Exercise material:
═══

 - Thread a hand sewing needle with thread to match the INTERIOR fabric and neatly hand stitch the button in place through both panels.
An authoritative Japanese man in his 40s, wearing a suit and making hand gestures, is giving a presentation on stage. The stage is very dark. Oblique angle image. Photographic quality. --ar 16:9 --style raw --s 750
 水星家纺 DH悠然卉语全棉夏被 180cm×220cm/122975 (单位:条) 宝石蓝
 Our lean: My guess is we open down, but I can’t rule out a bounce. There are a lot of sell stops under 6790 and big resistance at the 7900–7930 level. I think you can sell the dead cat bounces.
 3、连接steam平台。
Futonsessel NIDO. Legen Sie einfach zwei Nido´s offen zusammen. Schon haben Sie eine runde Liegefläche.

═══

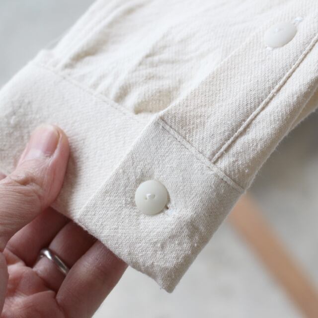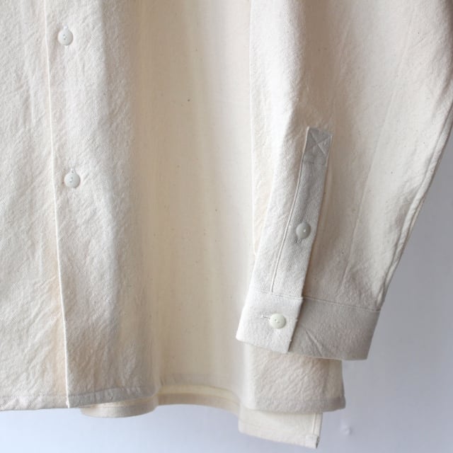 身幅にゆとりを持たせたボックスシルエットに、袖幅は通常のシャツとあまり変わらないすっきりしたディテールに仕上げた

═══

Brief: Your response should be the count of lines in the material above that contain "hand", with nothing added.

Reply to the task: 2